Circular orbits: relation between radius and angular momentum

Reference: Moore, Thomas A., A General Relativity Workbook, University Science Books (2013) – Chapter 10; Problems 10.7-8.

For a circular orbit, the relation between the angular momentum and radius is

\displaystyle  r=\frac{6GM}{1\mp\sqrt{1-12\left(GM/l\right)^{2}}} \ \ \ \ \ (1)

We can invert this to get {l} in terms of {r}:

\displaystyle   \mp\sqrt{1-12\left(GM/l\right)^{2}} \displaystyle  = \displaystyle  \frac{6GM}{r}-1\ \ \ \ \ (2)
\displaystyle  -12\frac{G^{2}M^{2}}{l^{2}} \displaystyle  = \displaystyle  \left(\frac{6GM}{r}-1\right)^{2}-1\ \ \ \ \ (3)
\displaystyle  l^{2} \displaystyle  = \displaystyle  \frac{12r^{2}\left(GM\right)^{2}}{r^{2}-\left(6GM-r\right)^{2}}\ \ \ \ \ (4)
\displaystyle  \displaystyle  = \displaystyle  \frac{r^{2}GM}{r-3GM} \ \ \ \ \ (5)
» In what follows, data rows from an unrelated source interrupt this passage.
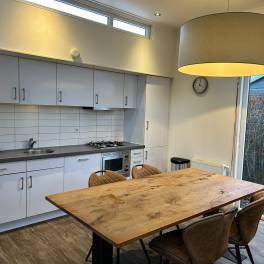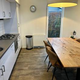 De eethoek is ingekleurd met een houten eettafel en vier stoelen. Deze staat in directe verbinding met de nette open keuken. De keuken is uitgevoerd met een koel-vriescombinatie, een combimagnetron, een vaatwasser en een gasstel inclusief afzuigkap.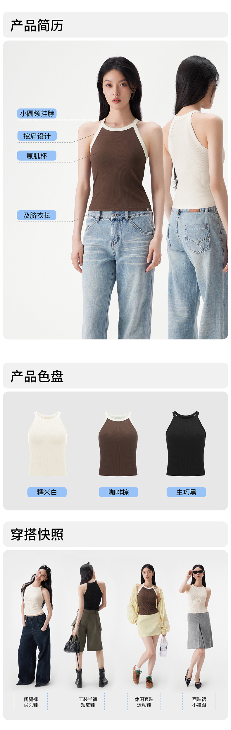 【商品名称】半练U领罗纹吊带TA072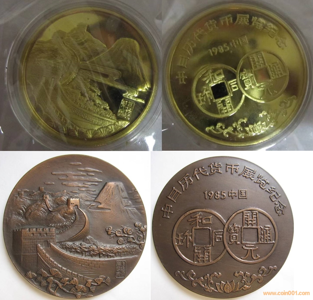 1985年制造,上幣發(fā)行。正面為長(zhǎng)城,富士山,反面為開(kāi)元通寶及日本貨幣。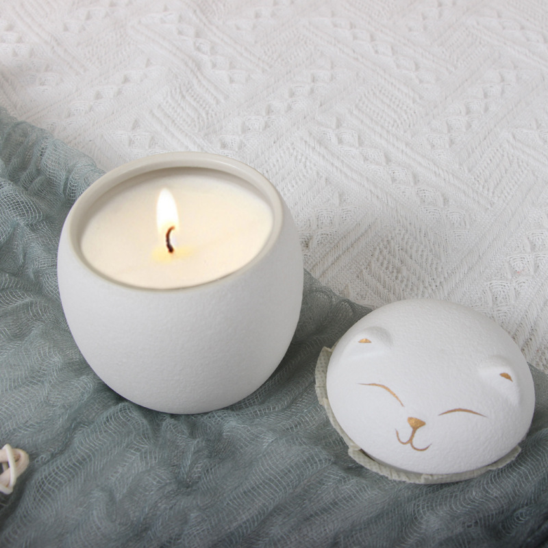 人気かわいい招き猫陶磁器ろうそくカップミニ陶磁器缶粗釉薬ろうそくカップ蓋付きロゴ付き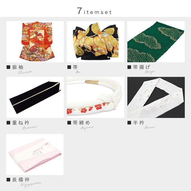 内容は【振袖・帯・帯揚げ・伊達衿(重ね衿)・帯締め・半衿・長襦袢】の7点セットです。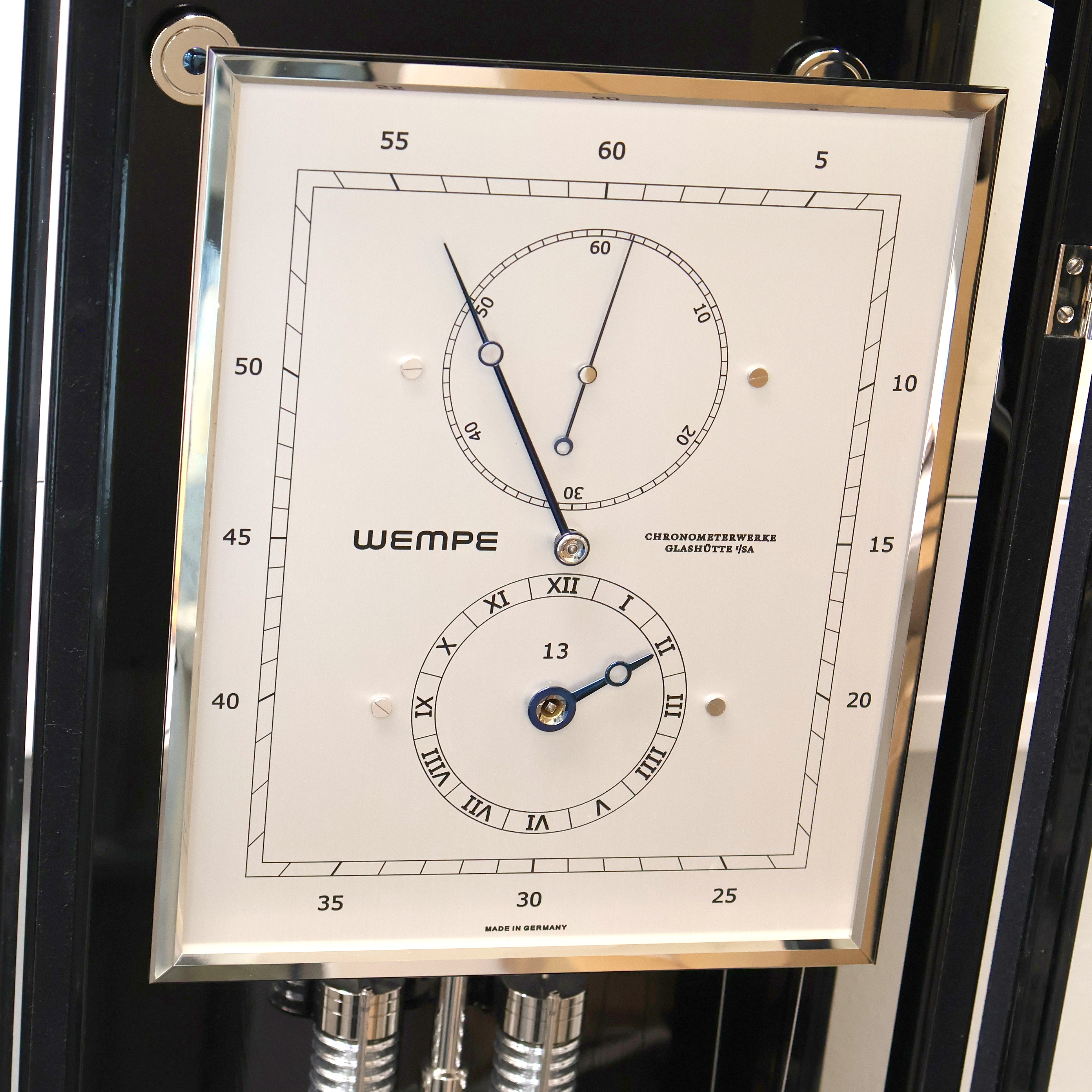 Wempe Glashütte i/SA Chronometerwerke imposante Monatsläufer Sekundenpendeluhr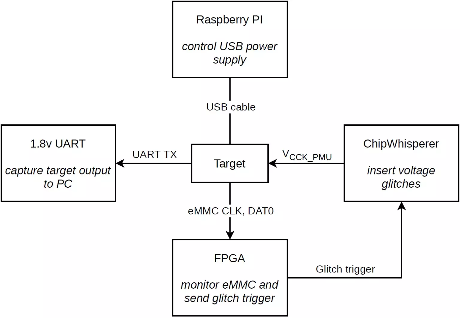 - FPGA:被动侦听eMMC流量,并将毛刺触发信号输出到ChipWhisperer(10加元,Digikey)。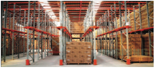 針對有限空間里同類貨物堆垛,推薦使用內(nèi)部駛?cè)胧截浖堋K蓭椭鷾p少占用通道,充分利用空間。駕駛員可駕駛叉車進入貨架內(nèi)部進行堆垛作業(yè)。不但能有效利用整個貨架的存儲空間,且初期投資成本較低。作為較為經(jīng)濟的批量存儲方式之一,駛?cè)胧截浖苓m用于存儲單位較少,周轉(zhuǎn)率較低的倉庫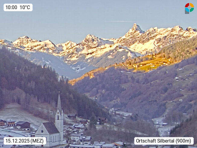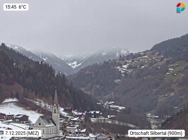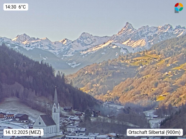 A 6782 Silbertal 900m, Bergdorf und ehemaliger Bergbauort (Kupfer und Silber) an der Litz in der Region Montafon im Bezirk Bludenz. Blick Richtung Westen, im Hintergrund die Zimba 2.643m. Presented by https://www.montafon.at/de/Mein-Montafon/Bergdoerfer/Silbertal.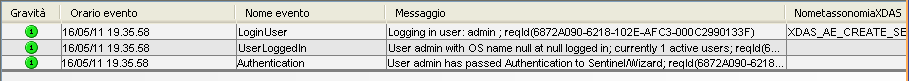 Ad esempio, aprire una finestra di login di Sentinel Control Center, quindi specificare credenziali utente errate per generare un evento simile.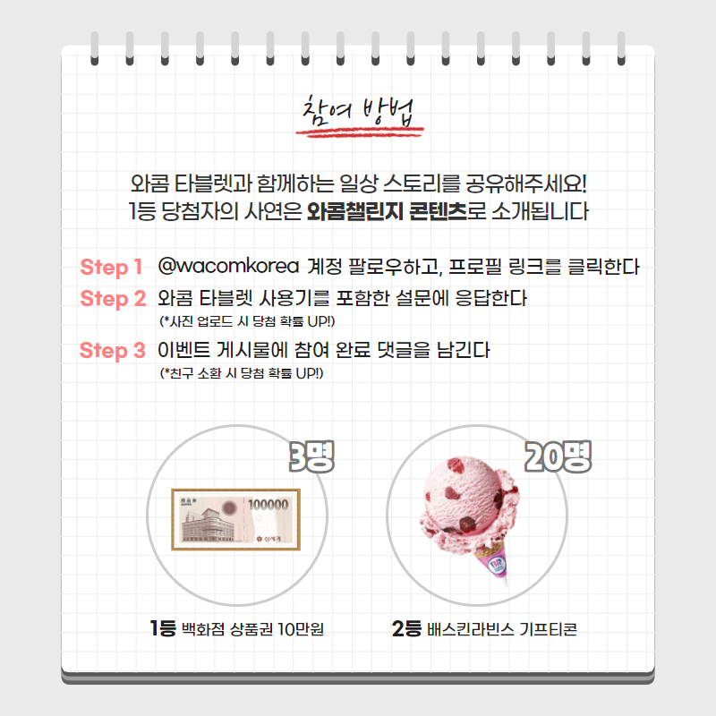 와콤챌린지 사연 모집 이벤트에서 1등으로 선정된 3분에게는 백화점 상품권 10만원권, 2등으로 선정된 20분에게는 배스킨라빈스 아이스크림 기프티콘을 증정하는데요, 해당 이벤트는 1등 당첨 시 와콤챌린지 콘텐츠에 참여한다는 전제 하에 참여 가능합니다. 와콤챌린지에는 얼굴과 본명이 노출되며, 와콤 공식 블로그와 SNS채널에 소개된다는 사실을 인지 부탁드리며, 기존 와콤챌린지 게시물에서 콘텐츠 형식을 확인할 수 있습니다.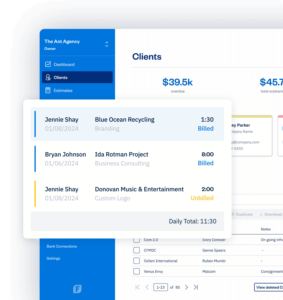 Keep clients informed and engaged with Projects, so you’re always on the same page. And log every billable minute with Time Tracking to record all work and send more accurate invoices..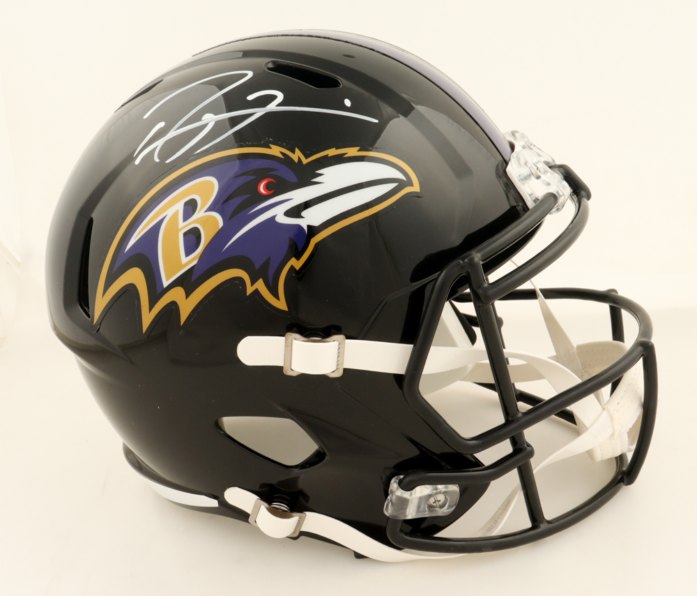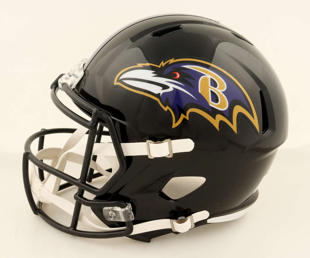 Riddell Baltimore Ravens full-size replica speed helmet. Hand-signed by Ray Lewis (HOF).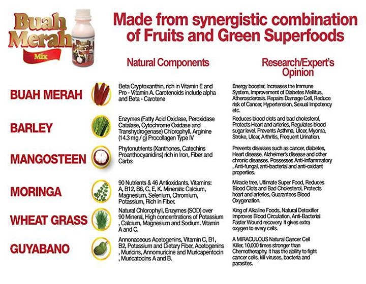 Buah Merah Mix is a perfect food supplement. It cures almost everything! This is a miracle food. Try it.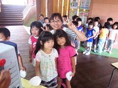 子どもたちは真剣(-_-メ)園長先生も真剣です。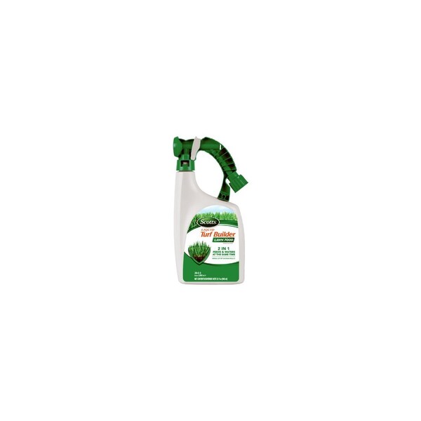 FOOD LAWN RTS 2000 SQ FT 32OZ Feed, green and water your lawn, at the same time! Scotts Liquid Turf Builder Lawn Food is the easy and quick way to a great-looking green lawn. Apply it during any season, to any grass type Product should be applied to actively growing grass. Simply connect the bottle to your hose and spray. This small, yet powerful, 32 fl-oz bottle has the essential nutrients and feeding power your lawn needs for quick and impactful feeding.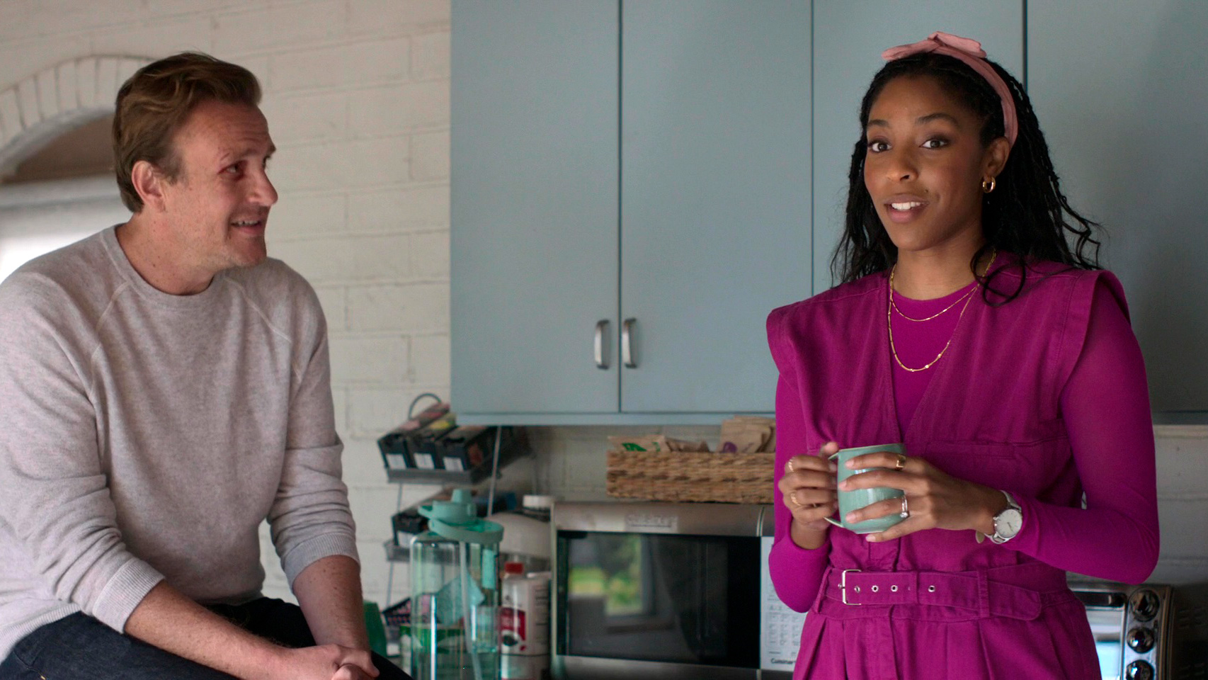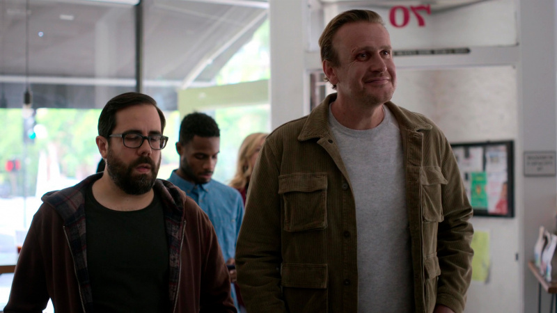 Джейсон Сигел в роли Джимми - ну, скажем так, неплох. Но на главного героя (как, например, Стив Карелл в "Офисе" или Джейсон Судейкис в "Теде Лассо") не тянет совершенно. Хотя он вроде бы главный герой. Но просто Сигел - актер предельно одноплановый, он может разыгрывать только один и тот же типаж, и харизмы ему, конечно, не хватает. Ну да, обаятельный, временами нелепый, временами совершает поразительно дурацкие поступки, но он добрый и незлобивый, и за это ему все всё прощают. И как главный герой - совершенно, на мой взгляд, никак не выдающийся.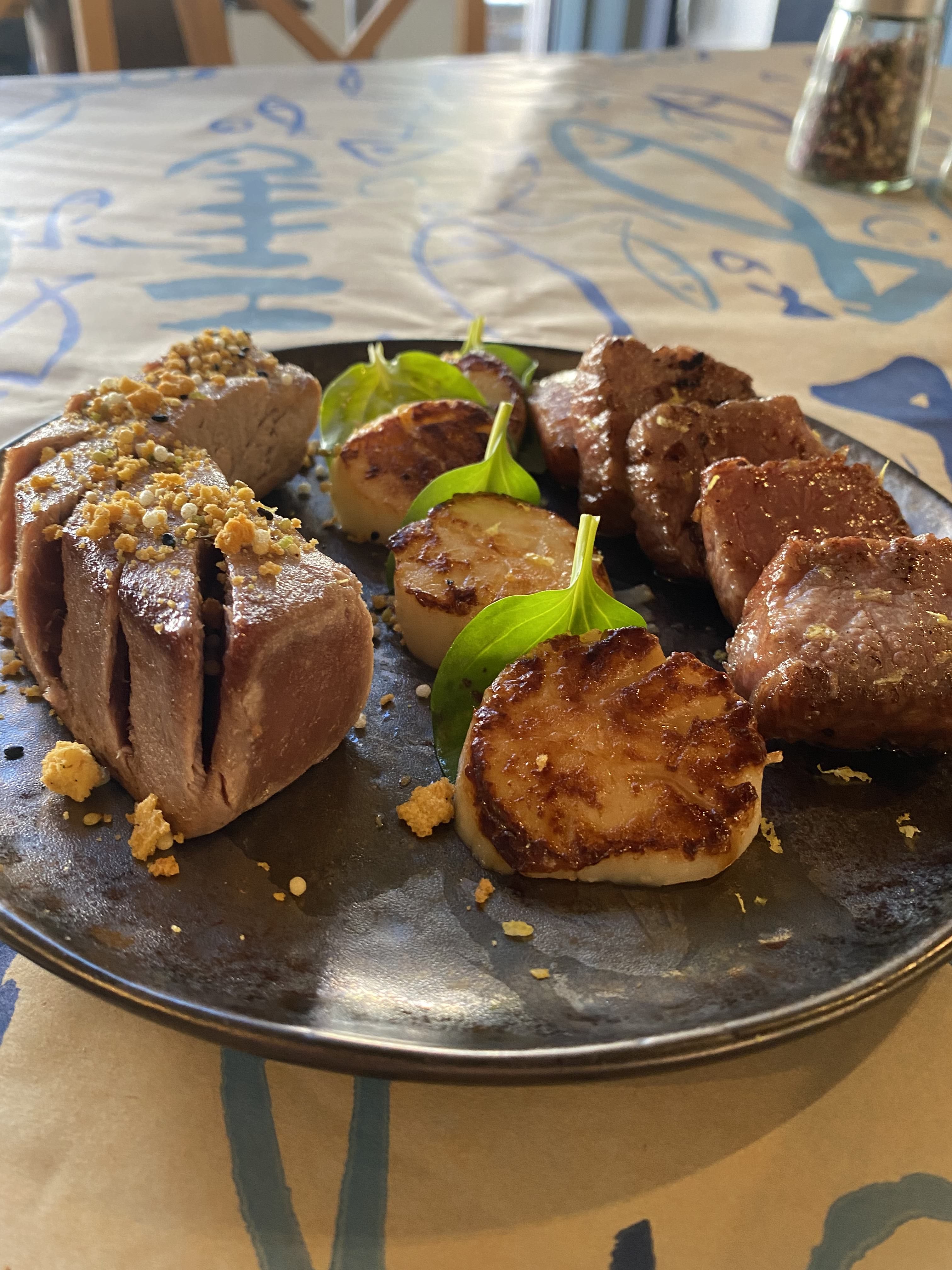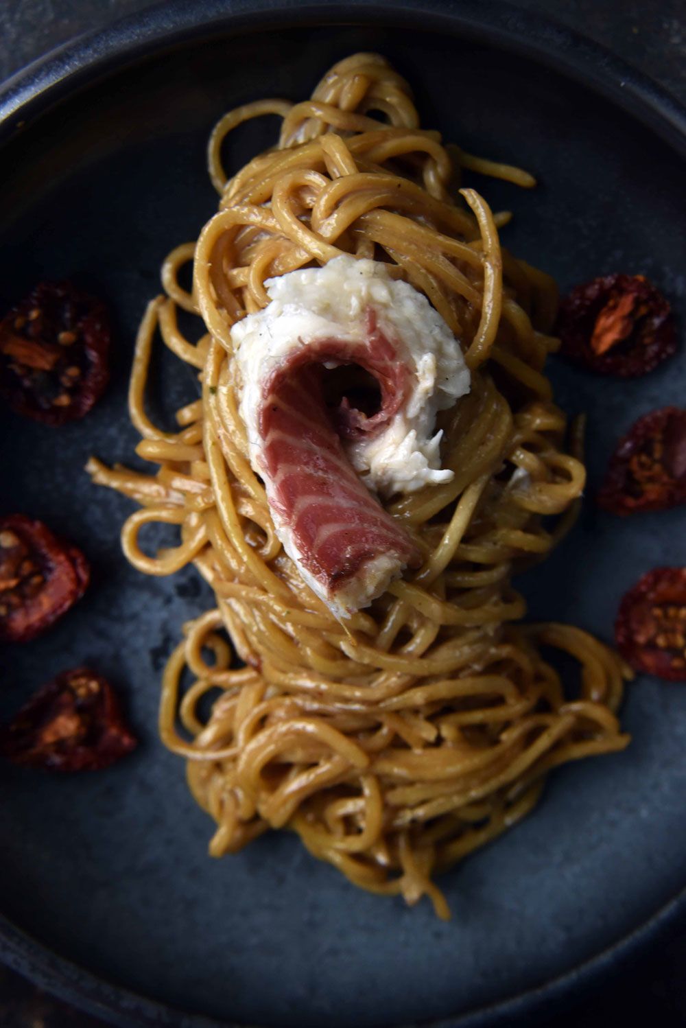 Τηγανητο με σαλτσα σκορδου & flakes τονου

From this we can get an expression for {\tilde{E}} for a circular orbit where {dr/d\tau=0}:

\displaystyle   \tilde{E} \displaystyle  = \displaystyle  \frac{1}{2}\frac{l^{2}}{r^{2}}-GM\left(\frac{1}{r}+\frac{l^{2}}{r^{3}}\right)\ \ \ \ \ (6)
\displaystyle  \displaystyle  = \displaystyle  -\frac{GM}{r}+\frac{r^{2}GM}{r-3GM}\left(\frac{1}{2r^{2}}-\frac{GM}{r^{3}}\right)\ \ \ \ \ (7)
\displaystyle  \displaystyle  = \displaystyle  -\frac{GM}{2r}\left[2-\frac{2r^{3}}{r-3GM}\left(\frac{1}{2r^{2}}-\frac{GM}{r^{3}}\right)\right]\ \ \ \ \ (8)
\displaystyle  \displaystyle  = \displaystyle  -\frac{GM}{2r}\left[\frac{r}{r-3GM}\left(\frac{2r-6GM}{r}-\left(1-\frac{2GM}{r}\right)\right)\right]\ \ \ \ \ (9)
\displaystyle  \displaystyle  = \displaystyle  -\frac{GM}{2r}\left(1-\frac{3GM}{r}\right)^{-1}\left(1-\frac{4GM}{r}\right) \ \ \ \ \ (10)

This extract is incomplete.